Archive for the ‘end of life decisions by guardians’ Category

Minn. high court to decide end-of-life case

October 22, 2013

MINNEAPOLIS (AP) — The Minnesota Supreme Court will decide whether guardians have the legal authority to take their wards off life support.
 
The high court agreed Wednesday to review the case of Jeffers Tschumy. That means the court will for the first time in nearly 30 years revisit an end-of-life issue that could affect many of the more than 12,000 Minnesotans under guardianship who don’t have health care directives, the Star Tribune reported Saturday (http://bit.ly/1fLlSbP ).
 
The key issue is whether guardians must receive a judge’s approval to remove life support, or whether guardians already have that power.
 
Tschumy was a mentally disabled man with no family and no health care directive who had been under guardianship since 2008. He choked on food last year and was declared severely brain-damaged with little hope of recovery.
 
The Allina Health System requested that a judge allow him to be removed from life support, either by clarifying that his guardian had the right to make the decision, or by issuing an order allowing his removal from life support.
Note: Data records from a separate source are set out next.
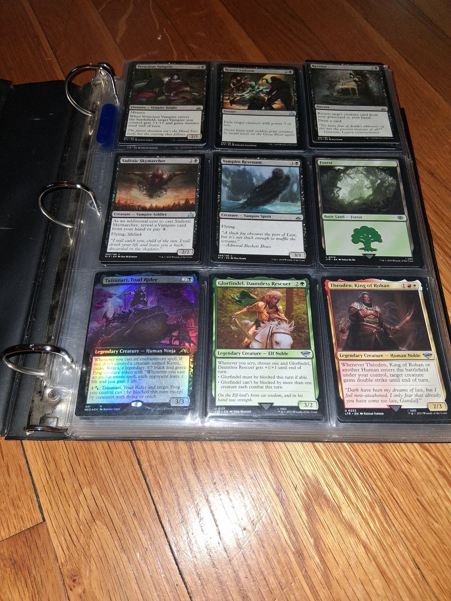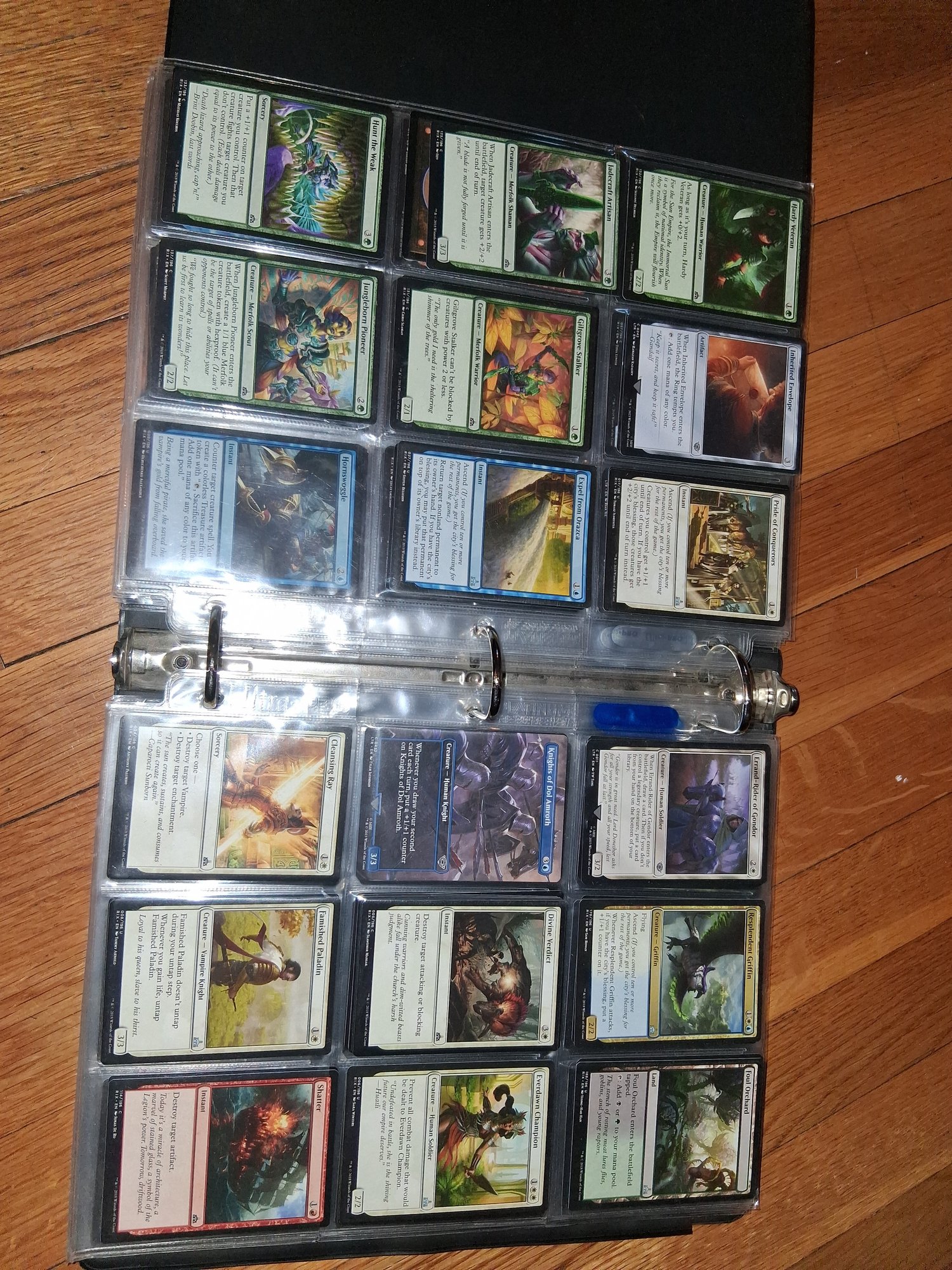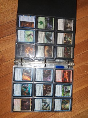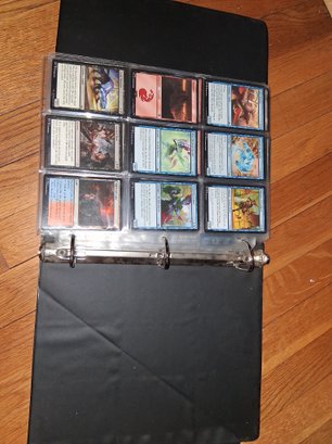 Nice Magic card collection binder filled with sleeves lots of good cards fully loaded see all pictures for details a picture was taken of everything page
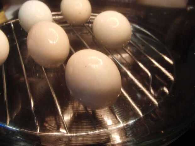 El calor sólo es dirigido desde arriba, así que si quieres cocinar algo que requiere dorado visible deberá voltear el alimento medio camino a través de la cocción. En este caso los huevos son lo suficientemente pequeños como para que se calientan uniformemente a través como las corrientes de convección no circulan todo el exterior de las cáscaras movimiento de los huevos son necesarios.
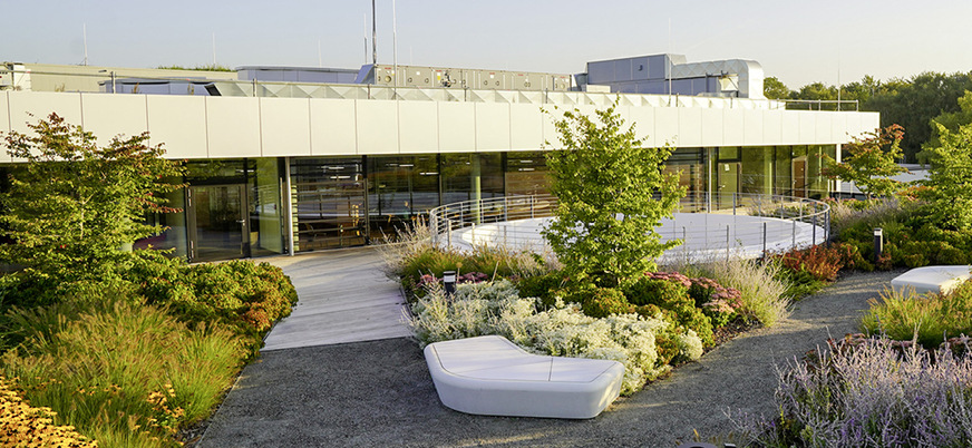 Das Objekt umfasst insgesamt zirka 3870 m² Dachfläche auf verschiedenen Ebenen, davon wurde mehr als die Hälfte begrünt. Die Begrünung ist sowohl als extensive Dachbegrünung in mehrschichtiger Bauweise mit vier Zentimetern Drainage, Filtervlies und elf Zentimetern Extensivsubstrat als auch in Form einer Intensivbegrünung (Dachgarten) auf den niedrigeren Terrassen und dem Aufenthaltsbereich der Mensa ausgebildet. Der begehbare Dachgarten hat einen mehrschichtigen Aufbau. Die Pflanzenauswahl umfasst Stauden, Gräser und Gehölze.
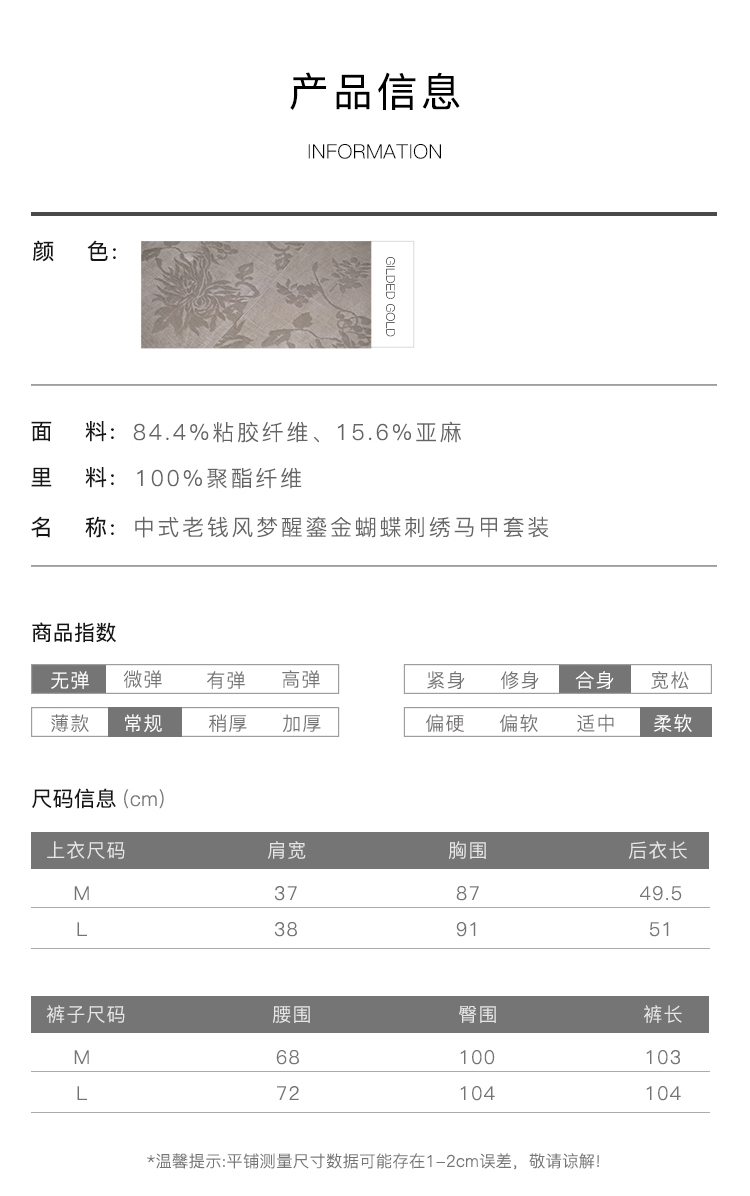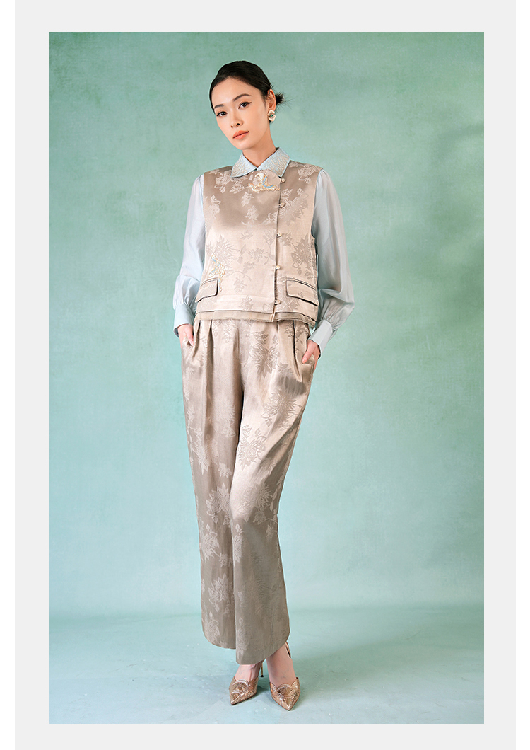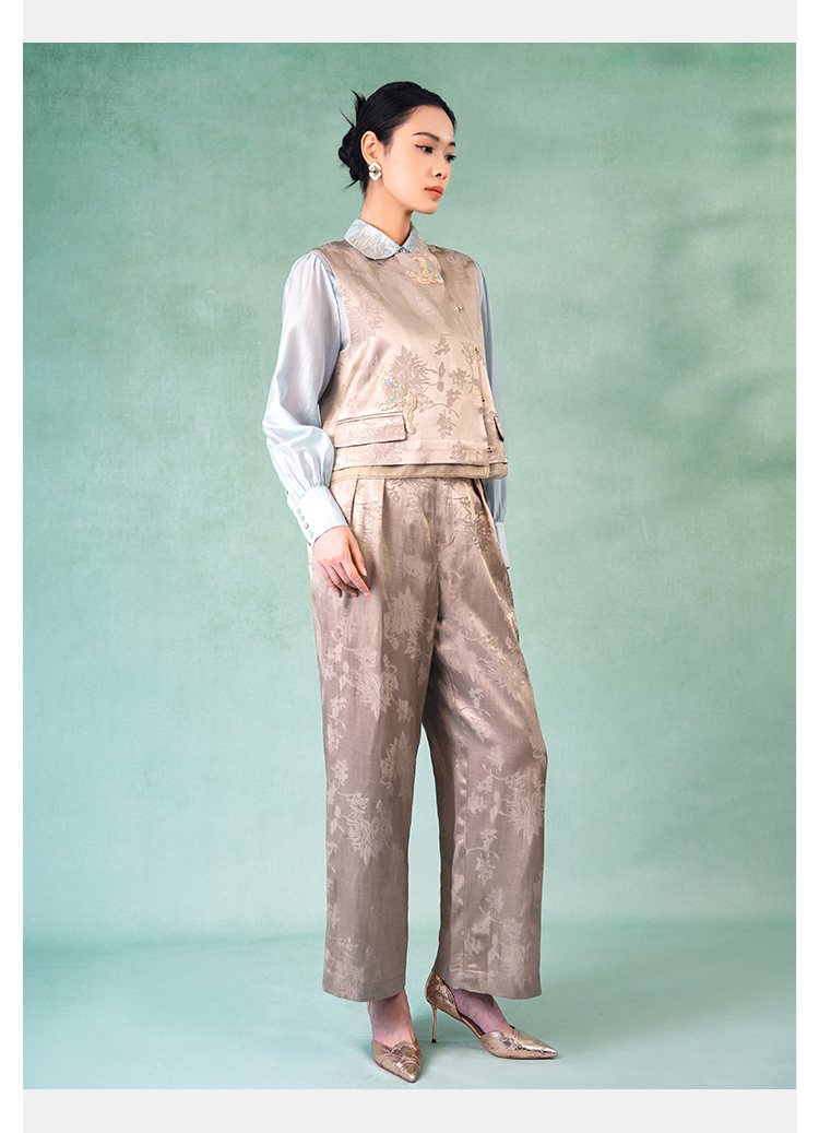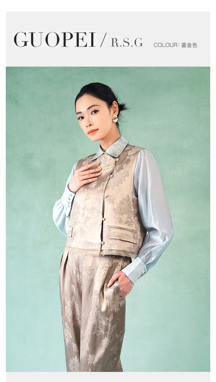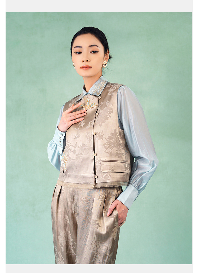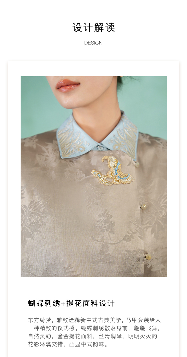 郭培成衣品牌精品系列中式老钱风梦醒鎏金蝴蝶刺绣马甲套装
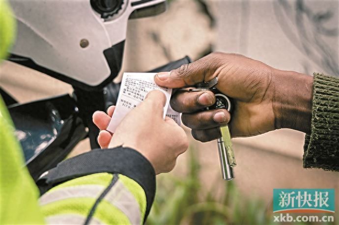 ■广州交警对违法车辆开罚单。

District Judge Jay Quam denied the guardian’s request for sole power to make that decision, but authorized the termination of Tschumy’s life support. He died.
 
Quam wrote that guardians have a strong case to make end-of-life decisions under a state law that grants them the power to allow or withhold medical care, but he said the law does not specifically allow them to end life support. Until the Legislature decides to address the issue, he wrote, only judges or legally authorized representatives can order life support removed.
 
Last summer, the Minnesota Court of Appeals reversed Quam’s ruling, reasoning that the final authority lies with guardians and that end-of-life decisions shouldn’t be dictated by the court. The appeals court relied on a 1984 Supreme Court ruling.
 
The state attorney general’s office, which weighed in with briefs supporting a mandatory judge’s sign-off, is expected to do so again before the Supreme Court.

Full Article and Source:
Minn. high court to decide end-of-life case

State court of appeals reverses ruling that prevented guardians from ordering their wards from life support

August 14, 2013

Legal guardians have the authority to order their wards to be disconnected from life support, according to a state Court of Appeals ruling Monday that said the end-of-life decision shouldn’t be dictated by the courts. 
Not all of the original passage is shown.